■ Description of the task
When you reproduce the entries below, keep each one exact and drop any pictures.

■ Data section
-----
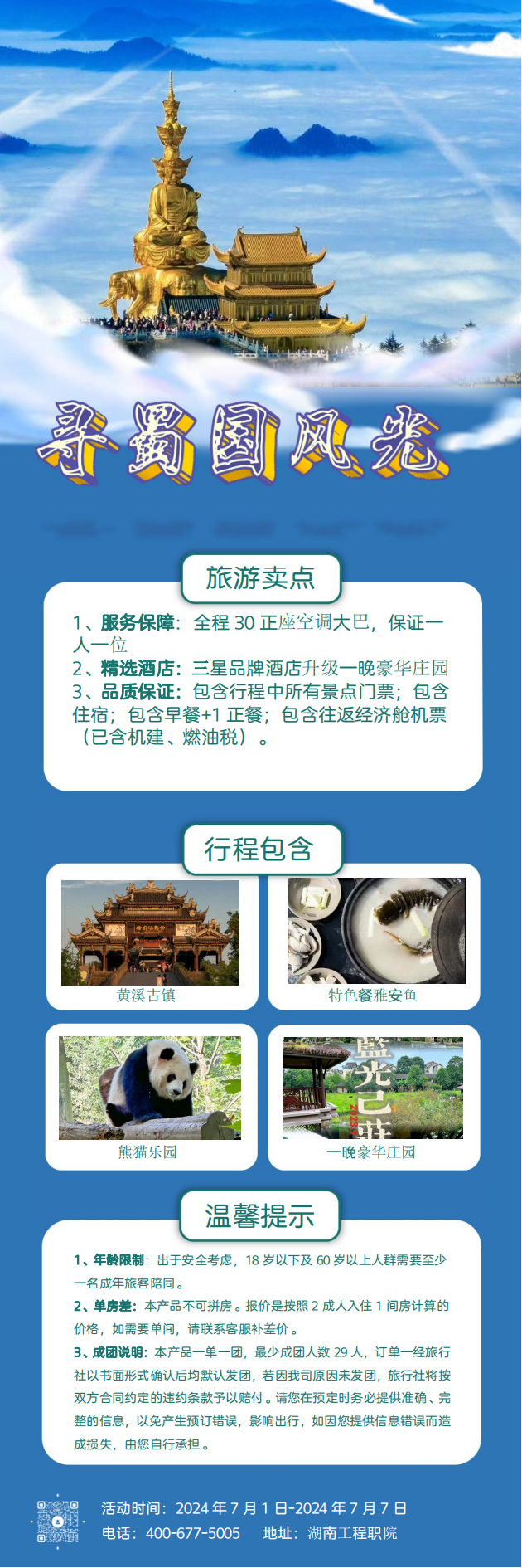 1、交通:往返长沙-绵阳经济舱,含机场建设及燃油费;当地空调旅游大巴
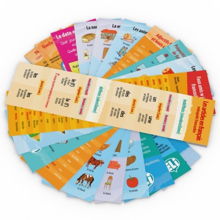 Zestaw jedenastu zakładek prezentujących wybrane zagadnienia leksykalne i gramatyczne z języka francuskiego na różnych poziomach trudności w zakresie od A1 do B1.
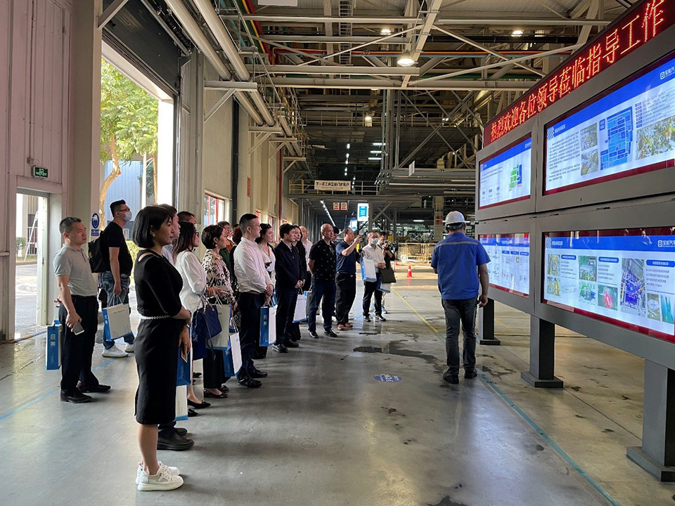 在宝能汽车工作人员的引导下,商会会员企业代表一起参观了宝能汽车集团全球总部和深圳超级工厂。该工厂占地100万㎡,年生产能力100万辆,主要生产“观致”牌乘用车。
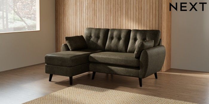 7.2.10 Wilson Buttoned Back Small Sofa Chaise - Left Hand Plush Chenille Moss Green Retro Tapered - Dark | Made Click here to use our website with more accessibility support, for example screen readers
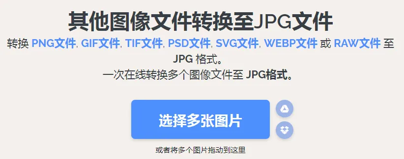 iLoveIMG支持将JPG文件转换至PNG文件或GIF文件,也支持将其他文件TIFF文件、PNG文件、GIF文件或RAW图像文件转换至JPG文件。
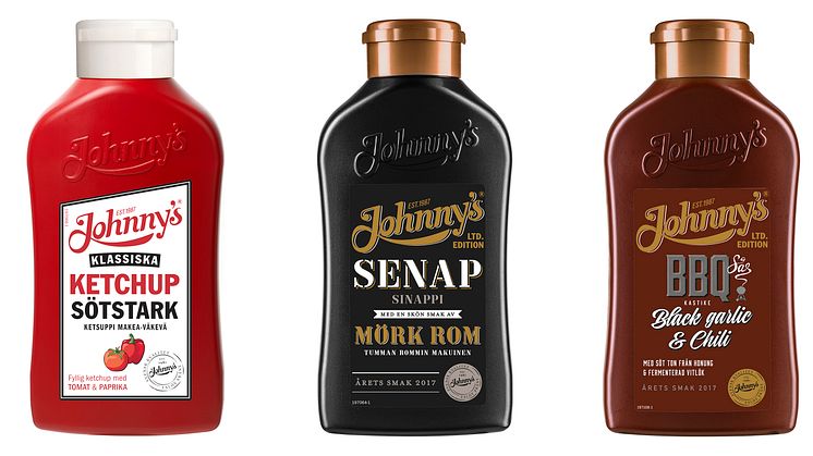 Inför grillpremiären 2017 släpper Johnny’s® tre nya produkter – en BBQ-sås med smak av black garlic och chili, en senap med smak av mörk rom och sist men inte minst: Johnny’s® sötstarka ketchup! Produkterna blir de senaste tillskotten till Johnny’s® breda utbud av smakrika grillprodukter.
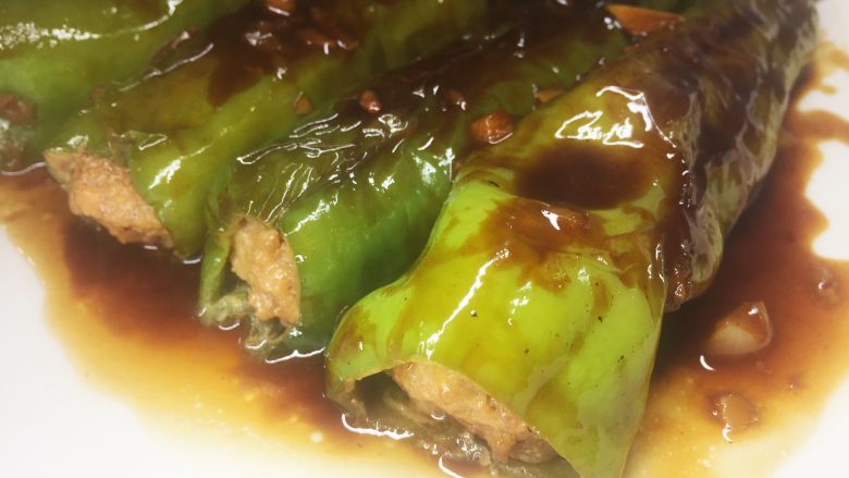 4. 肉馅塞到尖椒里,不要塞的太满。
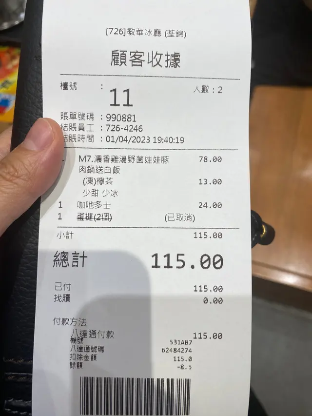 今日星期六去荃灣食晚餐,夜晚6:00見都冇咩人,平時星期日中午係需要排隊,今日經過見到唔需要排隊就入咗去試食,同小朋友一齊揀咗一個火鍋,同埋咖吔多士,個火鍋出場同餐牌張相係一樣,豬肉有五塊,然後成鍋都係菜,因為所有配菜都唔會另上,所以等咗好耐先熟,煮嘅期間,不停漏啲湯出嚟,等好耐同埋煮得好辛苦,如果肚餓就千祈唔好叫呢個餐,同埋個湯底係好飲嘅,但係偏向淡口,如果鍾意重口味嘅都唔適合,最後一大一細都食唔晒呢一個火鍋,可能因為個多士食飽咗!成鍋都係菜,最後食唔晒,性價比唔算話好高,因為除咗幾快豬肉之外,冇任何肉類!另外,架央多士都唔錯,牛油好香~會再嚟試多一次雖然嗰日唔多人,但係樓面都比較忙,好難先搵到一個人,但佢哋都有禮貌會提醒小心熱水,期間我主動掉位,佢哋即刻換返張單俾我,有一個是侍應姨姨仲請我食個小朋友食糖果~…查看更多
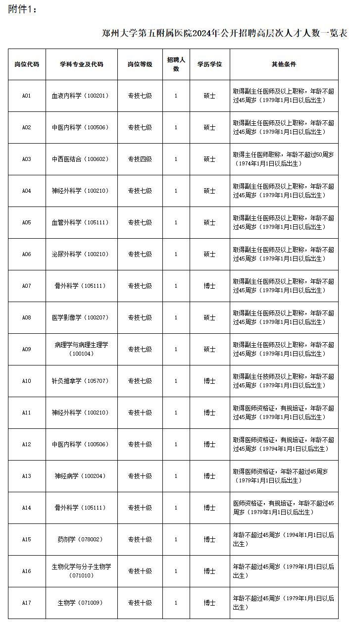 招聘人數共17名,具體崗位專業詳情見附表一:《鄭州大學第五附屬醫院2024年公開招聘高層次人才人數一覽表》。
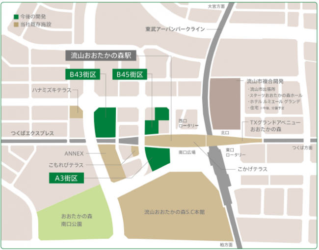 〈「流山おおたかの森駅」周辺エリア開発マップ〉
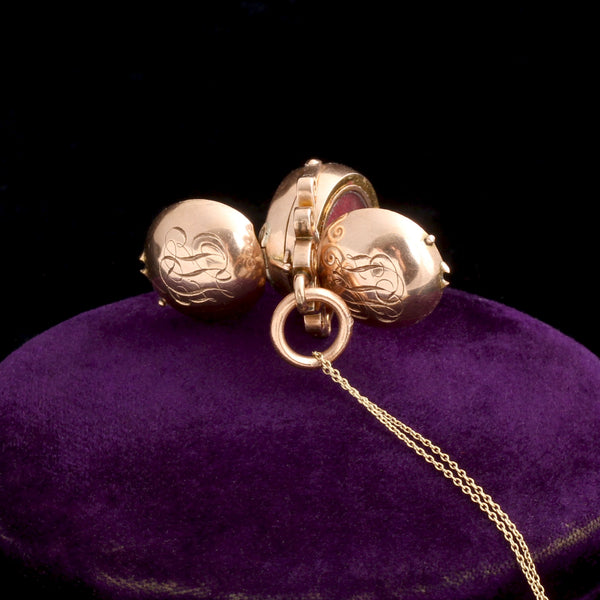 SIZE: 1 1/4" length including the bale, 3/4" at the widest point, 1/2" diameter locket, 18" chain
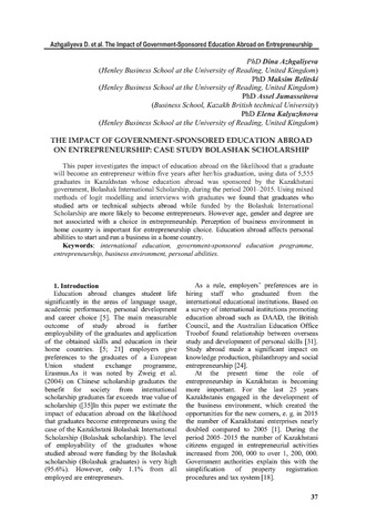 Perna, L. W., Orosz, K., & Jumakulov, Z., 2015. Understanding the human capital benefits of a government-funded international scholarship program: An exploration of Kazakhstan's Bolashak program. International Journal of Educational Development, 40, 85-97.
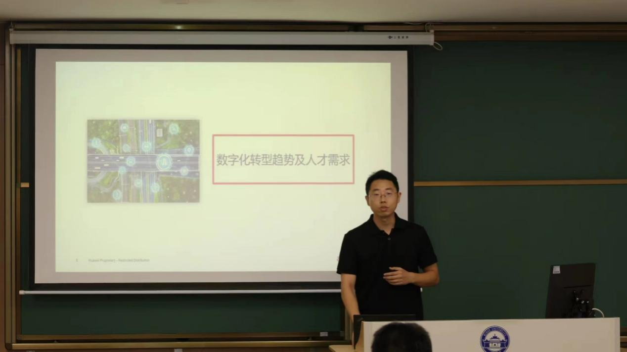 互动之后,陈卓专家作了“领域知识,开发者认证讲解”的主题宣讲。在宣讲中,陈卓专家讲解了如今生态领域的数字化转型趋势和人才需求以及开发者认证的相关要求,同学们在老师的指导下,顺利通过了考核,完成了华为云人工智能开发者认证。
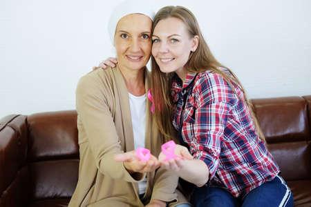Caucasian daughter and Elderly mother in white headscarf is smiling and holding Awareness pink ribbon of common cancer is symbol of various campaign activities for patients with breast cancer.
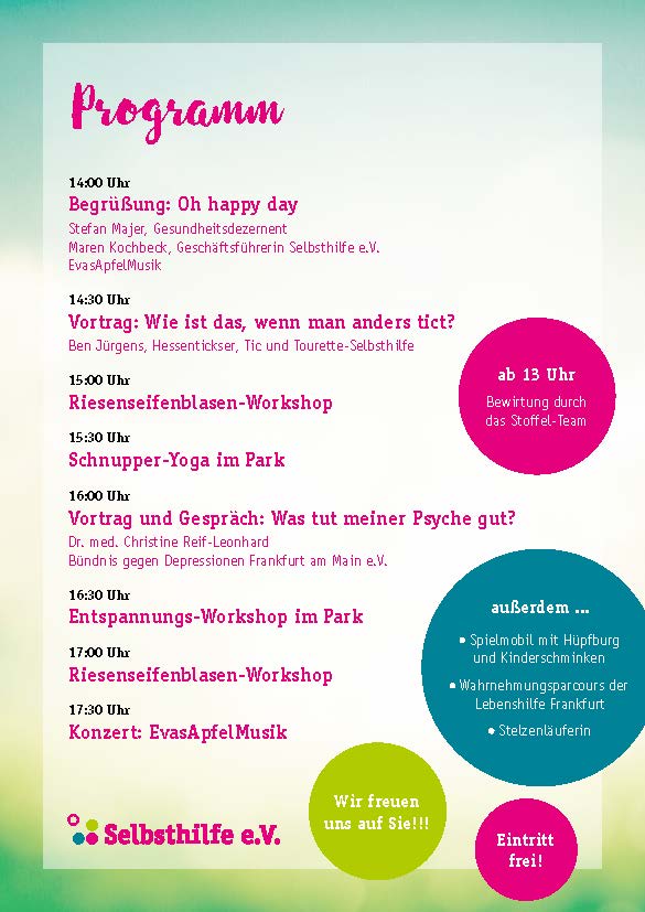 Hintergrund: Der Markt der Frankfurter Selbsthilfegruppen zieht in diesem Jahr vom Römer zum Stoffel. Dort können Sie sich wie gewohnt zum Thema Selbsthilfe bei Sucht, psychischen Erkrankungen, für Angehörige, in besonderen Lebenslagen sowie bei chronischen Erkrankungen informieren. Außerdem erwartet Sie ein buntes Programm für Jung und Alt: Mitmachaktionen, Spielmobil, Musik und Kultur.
-----
■ Worked solution
 1、交通:往返长沙-绵阳经济舱,含机场建设及燃油费;当地空调旅游大巴
 Zestaw jedenastu zakładek prezentujących wybrane zagadnienia leksykalne i gramatyczne z języka francuskiego na różnych poziomach trudności w zakresie od A1 do B1.
 在宝能汽车工作人员的引导下,商会会员企业代表一起参观了宝能汽车集团全球总部和深圳超级工厂。该工厂占地100万㎡,年生产能力100万辆,主要生产“观致”牌乘用车。
 7.2.10 Wilson Buttoned Back Small Sofa Chaise - Left Hand Plush Chenille Moss Green Retro Tapered - Dark | Made Click here to use our website with more accessibility support, for example screen readers
 iLoveIMG支持将JPG文件转换至PNG文件或GIF文件,也支持将其他文件TIFF文件、PNG文件、GIF文件或RAW图像文件转换至JPG文件。
 Inför grillpremiären 2017 släpper Johnny’s® tre nya produkter – en BBQ-sås med smak av black garlic och chili, en senap med smak av mörk rom och sist men inte minst: Johnny’s® sötstarka ketchup! Produkterna blir de senaste tillskotten till Johnny’s® breda utbud av smakrika grillprodukter.
 4. 肉馅塞到尖椒里,不要塞的太满。
 今日星期六去荃灣食晚餐,夜晚6:00見都冇咩人,平時星期日中午係需要排隊,今日經過見到唔需要排隊就入咗去試食,同小朋友一齊揀咗一個火鍋,同埋咖吔多士,個火鍋出場同餐牌張相係一樣,豬肉有五塊,然後成鍋都係菜,因為所有配菜都唔會另上,所以等咗好耐先熟,煮嘅期間,不停漏啲湯出嚟,等好耐同埋煮得好辛苦,如果肚餓就千祈唔好叫呢個餐,同埋個湯底係好飲嘅,但係偏向淡口,如果鍾意重口味嘅都唔適合,最後一大一細都食唔晒呢一個火鍋,可能因為個多士食飽咗!成鍋都係菜,最後食唔晒,性價比唔算話好高,因為除咗幾快豬肉之外,冇任何肉類!另外,架央多士都唔錯,牛油好香~會再嚟試多一次雖然嗰日唔多人,但係樓面都比較忙,好難先搵到一個人,但佢哋都有禮貌會提醒小心熱水,期間我主動掉位,佢哋即刻換返張單俾我,有一個是侍應姨姨仲請我食個小朋友食糖果~…查看更多
 招聘人數共17名,具體崗位專業詳情見附表一:《鄭州大學第五附屬醫院2024年公開招聘高層次人才人數一覽表》。
 〈「流山おおたかの森駅」周辺エリア開発マップ〉
 SIZE: 1 1/4" length including the bale, 3/4" at the widest point, 1/2" diameter locket, 18" chain
 Perna, L. W., Orosz, K., & Jumakulov, Z., 2015. Understanding the human capital benefits of a government-funded international scholarship program: An exploration of Kazakhstan's Bolashak program. International Journal of Educational Development, 40, 85-97.
 互动之后,陈卓专家作了“领域知识,开发者认证讲解”的主题宣讲。在宣讲中,陈卓专家讲解了如今生态领域的数字化转型趋势和人才需求以及开发者认证的相关要求,同学们在老师的指导下,顺利通过了考核,完成了华为云人工智能开发者认证。
Caucasian daughter and Elderly mother in white headscarf is smiling and holding Awareness pink ribbon of common cancer is symbol of various campaign activities for patients with breast cancer.
 Hintergrund: Der Markt der Frankfurter Selbsthilfegruppen zieht in diesem Jahr vom Römer zum Stoffel. Dort können Sie sich wie gewohnt zum Thema Selbsthilfe bei Sucht, psychischen Erkrankungen, für Angehörige, in besonderen Lebenslagen sowie bei chronischen Erkrankungen informieren. Außerdem erwartet Sie ein buntes Programm für Jung und Alt: Mitmachaktionen, Spielmobil, Musik und Kultur.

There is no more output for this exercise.